A few test cases for this kind of query already exist in lang/inbetween.sql and 
also in lang/subquery.sql.  So I did not add any new test cases with my 
changes.  Is there anything in particular you think could be problematic here?

>    Does such a query generate and use the new style Multi-Probe processing?
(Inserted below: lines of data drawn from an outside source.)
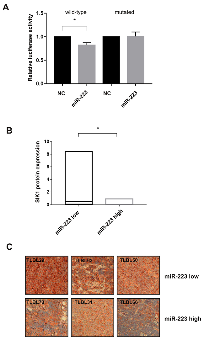 Figure 5: miR-223 modulates the expression of SIK1. SUPT-1 cells transfected with miR-223 precursor analyzed 24 h post-transfection were used to perform Luciferase assay in cells transfected with reporter containing wild-type or mutant (mutated) binding sites in SIK1 3’-UTRs. Results from three independent experiments are shown as mean ± SEM of Firefly luciferase activity relative to controls (NC), normalized on Renilla luciferase activity. *P<0.05, (A). Boxplot represents the analysis of SIK1 protein expression in T-LBL tumour biopsies detected by immunoblotting. Density expression level was normalized on tubulin. The horizontal line in the box indicates the median expression level of SIK1 in the two miR-223 subgroups (miR-223-low and -high) of T-LBL cases. *P<0.05 (B). SIK1 staining in T-LBL specimens, belong to miR-223-low (T-LBL_29,63,50) and -high groups (T-LBL_73,66,31) (× 40) (C).
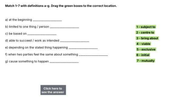 Match 1–7 with definitions a–g. Drag the green boxes to the correct location. a) at the beginning _____________________ b) limited to one thing / person _____________________ c) be based on _____________________ d) able to succeed / work as intended _____________________ e) depending on the stated thing happening _____________________ f) when two parties feel the same about something _____________________ g) cause something to happen _____________________
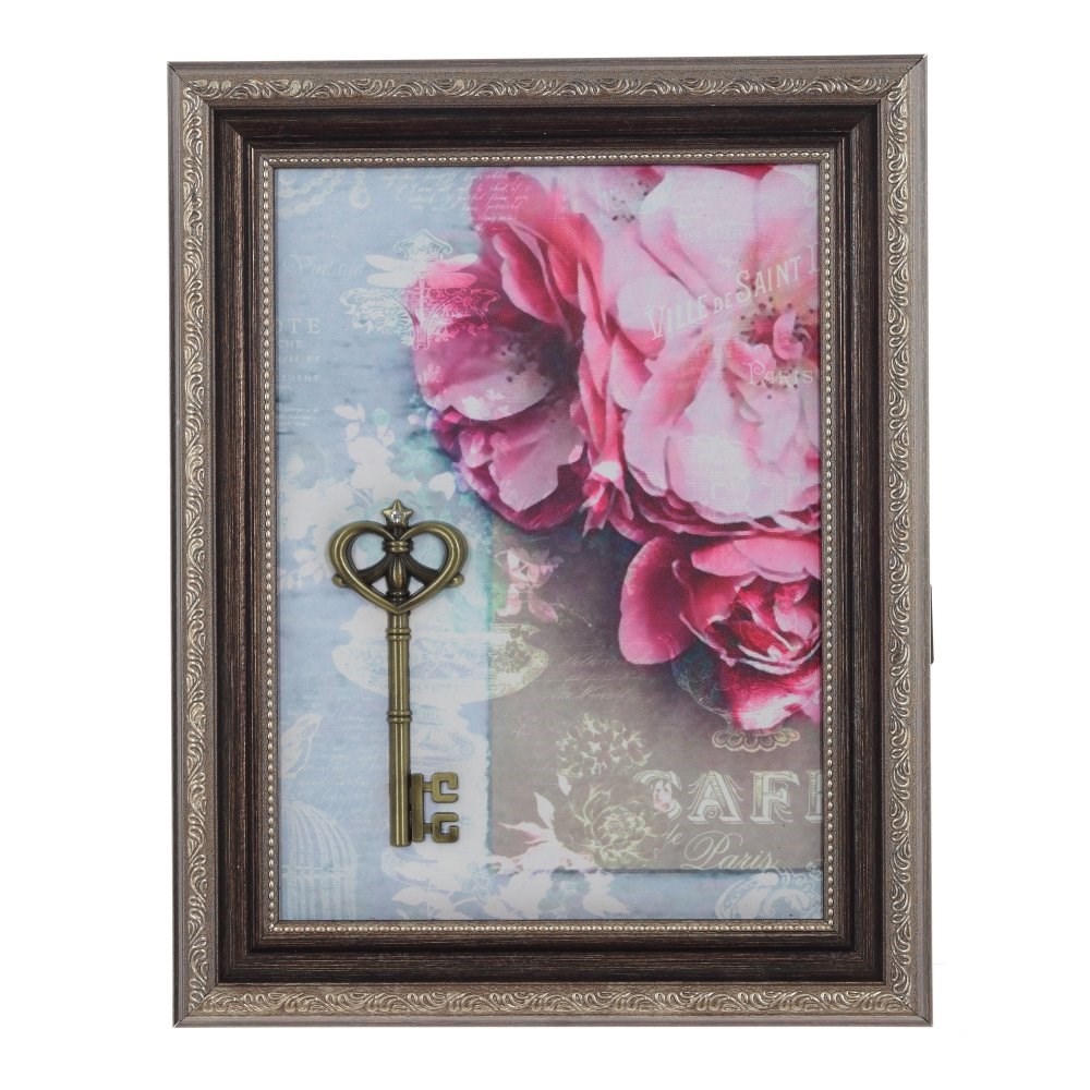 Стильная ключница для современного интерьера. Ключница закрытого типа с пятью крючками. Дверца с изображением цветов и декоративного металлического ключа. Закрывается сбоку на магнит. Ключница – предмет не только красивый, но и функциональный, поэтому ей найдется место и в офисе, и в квартире, и в загородном доме.
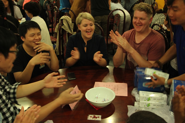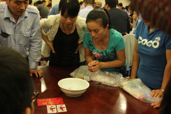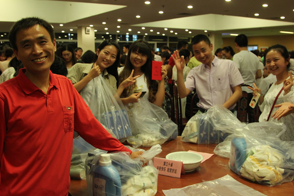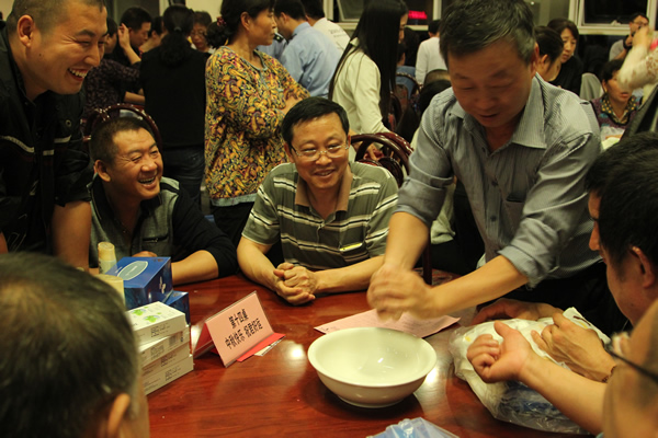 开场由艺体信息中心教师代表带来的节目拉开博饼活动的序幕。此次博饼活动共设71桌,最终产生十位状元进行最终头彩的争夺。博饼过程中,每一位恒信彩人脸上洋溢着幸福的笑脸,场面十分热闹。大家为得来的每一件奖品而开心,更为身在这样一个温暖、向上,有爱、有创造、有工作热情、更有人情味儿的集体中感到欣慰。
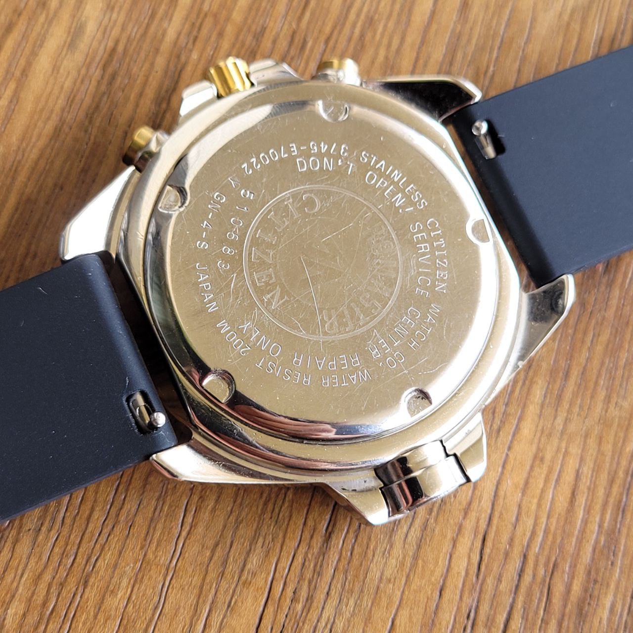 A caixa possui detalhes em aço e acabamento dourado, bezel giratório unidirecional e vidro mineral. Fundo rosqueado com as marcações da marca Citizen.
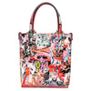 Multicolored mini patent leather tote bag from Christian Louboutin. The Cabata mini tote bag emphasizes elegance and sophistication. It is dressed in the exclusive Oh Xtian print adorned with silver signature spikes, complete with two handles, adjustable shoulder strap and the signature sneaker sole-inspired red rubber bottom.
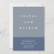 Faire-part de mariage minimaliste moderne avec typographie audacieuse et bel ensemble bleu poussiéreux. Customisez vos détails et changez les couleurs dans l'option "Customiser plus loin".
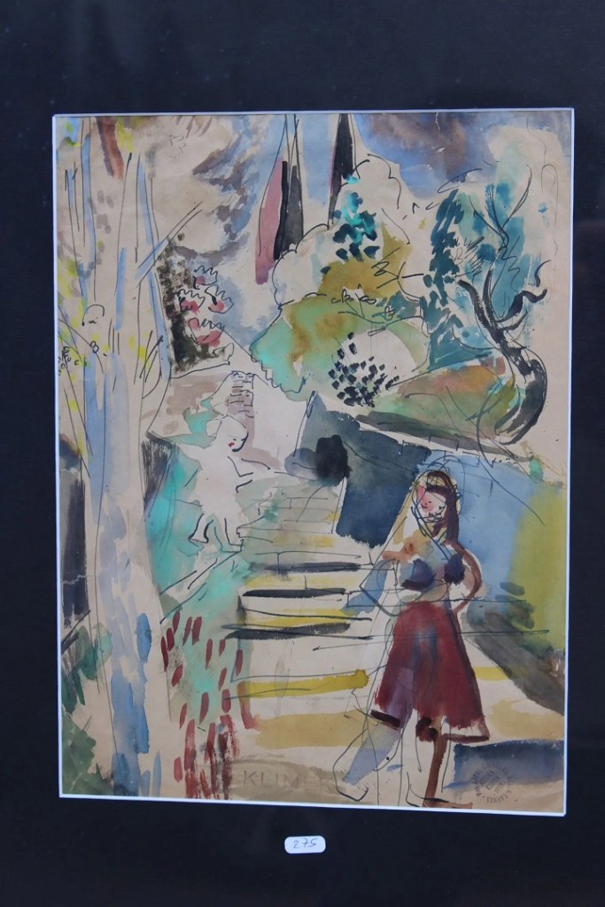 Lot 275. KLIMEK Ludwig (1912 – 1992). Femme et enfant en bas des marches, aquarelle et traits de plume, cachet de la vente à droite, et de l’atelier à gauche – 33.5 x 24.5 cm. Estimate150 – 200 €. MICHEL DARMANCIER & OLIVIER CLAIR. 02/04/21
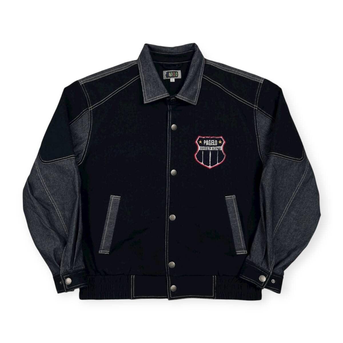 商品名 | PAGERO パジェロ ワッペン付き デニム切替 スタジャン ジャケット ブルゾン サイズ LL /メンズ/インディゴネイビー系/メンズ/アンジェロ |
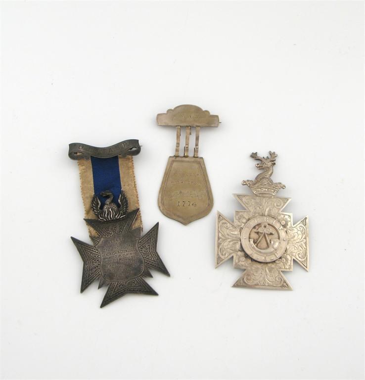 Freemasonry, Phoenix Lodge, silver cross-shaped jewel, surmounted with a phoenix in the flame, Gen1 Washington Lodge, engraved presentation inscription, to "Bro. Fdk. E. J. Musselbrook ... Apl. 19 1890", Maker AR, London, 1889, 68 x 51mm; Ancient Order of Foresters, silver cross-shaped jewels, first for Merit, surmounte with coronet and stag's head, centre roundel bugle, rev engraved presentation inscription, "...Bro. C. J. Grantham ... Feb y 1893", maker's mark MDL, 1892 and ADL [Abraham David Loewenstark], trademark, 84 x 56mm; and a small badge "Trenton / Princetown, 1774"
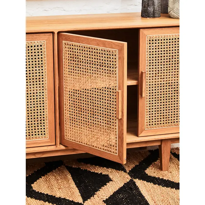 Lyon 4 Door Natural Rattan And Oak Sideboard
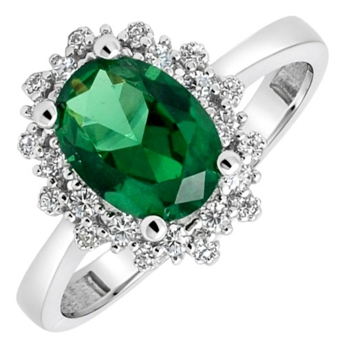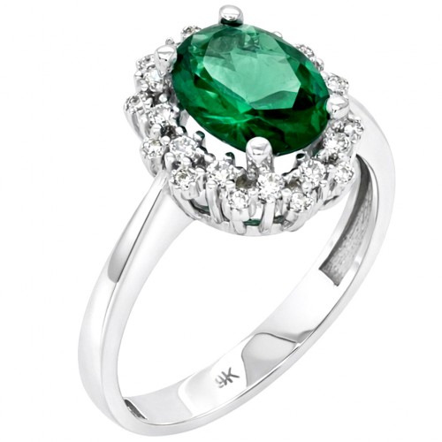 Λευκόχρυσο οβάλ μονόπετρο ροζέτα Κ9 με ζιργκόν
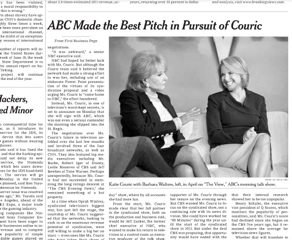 In “one of television’s worst-kept secrets,” Katie Couric is expected to announce her next move today says Bill Carter of the New York Times. Insiders say Couric has signed a deal with ABC. The details have not been publicized but the deal allegedly gives Couric a cut of the syndication profits, which could add up to tens of millions of dollars each year. Some say Couric’s insistence that Jeff Zucker, the ousted head of NBC, be the executive producer of her return to daytime TV caused NBC to back away from a deal to get her.

No, it does not.  Multi-probe processing only occurs if the IN-list is solely 
comprised of constant and/or parameter nodes.  A subquery is neither constant 
nor parameter, hence no multi-probing will occur.  The code for this is in the 
preprocess() method of InListOperatorNode:

   else if ((leftOperand instanceof ColumnReference) &&
     rightOperandList.containsOnlyConstantAndParamNodes())
   {
        <create probe predicate>
    }

> 3) Do you have any test cases in which the IN-list predicate references a
>    column in a UNION or a UNION view, thus requiring pushing the IN-list
>    predicate down and pulling it back up?

I added a few, simplified test queries for this situation to lang/inbetween.sql 
as part of d47_mp_addlTestCases.patch (under the heading "Nested queries with 
unions and top-level IN list").  There are also a handful of queries in 
lang/predicatePushdown.sql that include IN lists in addition to equality 
predicates.  Feel free to comment if you think more testing should be done 
here...

> 4) In the change to OrNode.java, my eye was caught by the variable name 
> "beon".
>    I've seen that a common convention is to use an acronym, so maybe "beon"
>    stood for Binary Equality Operator Node, or something like that, but the
>    actual datatype is Binary*Relational*OperatorNode, so I would have
>    expected to see a variable "bron".
> 
>    BinaryRelationalOperatorNode beon = null;
> 
>    It's totally unimportant, but I saw it and thought I'd mention it.

Oops, good catch :)  Just a typo, I will try to fix this up.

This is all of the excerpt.